ジェシカ・ハーパー「アルジェントは作家としてのビジョンを持っている」

 ダリオ・アルジェントはブライアン・デパルマ監督の『ファントム・オブ・パラダイス』をみてジェシカ・ハーパーを気に入り、オーディションなしにジェシカを主役にオファーした。ジェシカはそれ以前には、アルジェントの作品を良く知らなかったが、オファーを受けてからアルジェントの映画を何本か見た。ジェシカはイタリアに行く前にイタリア語を勉強したが、「とっても早く覚えられたので問題はなかった」という。

 ジェシカは子供のころからダンスを勉強しており、それがサスぺリアで役を演じるうえで役に立った。サラ・ローレンス・カレッジでの経験とブロードウェーの『ヘアー』に出演したことは演技に必要最小限の影響を与えたようだ。ジェシカにとって、サスぺリアの撮影はとても良い記憶として残っている。

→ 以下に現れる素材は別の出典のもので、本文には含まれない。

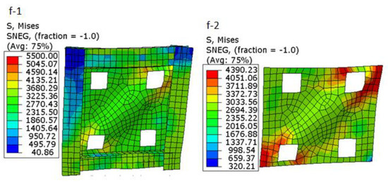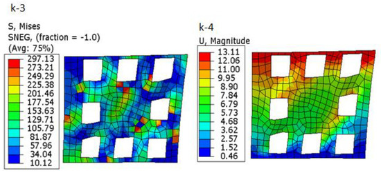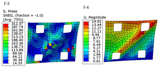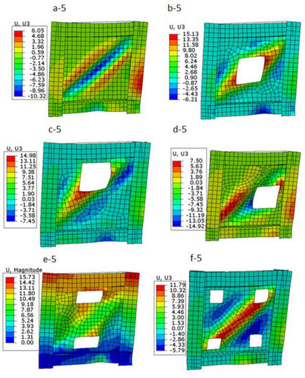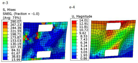- Figure 16, Figure 17, Figure 18 and Figure 19 show displacement, concrete and steel stress for models e and f. Figure 16 and Figure 18 show that the maximum stress in the steel plate in specimens with 4 openings is 439 MPa, which depicts the stress decrease as compared to model (e). Moreover, the stiffness of the shear wall increases with distributing opening.

 ジェシカ・ハーパーはブライアン・デパルマやウディ・アレンなど著名な映画監督とも仕事をしているが、「アルジェントは彼らと同様に作家としてのビジョンを持っている」と評価する。詳細な表現にいたるまで、アルジェントは自分の欲しいものを知っていて、そのためにはどうすれば良いかも分かっていたからだ。共同脚本を担当したダリア・ニコロディは、スージーの役を自分が演じるために書いたとのことだが、ジェシカとダリア・ニコロディは、ほんの短時間だけしか合うことはなかった。

 サスペリアの仕事について、ジェシカは「本当に楽しかった。イタリア人も彼らの仕事や技術も大好きです。4カ月間のイタリア滞在はとってもすばらしいものでした」と述べている。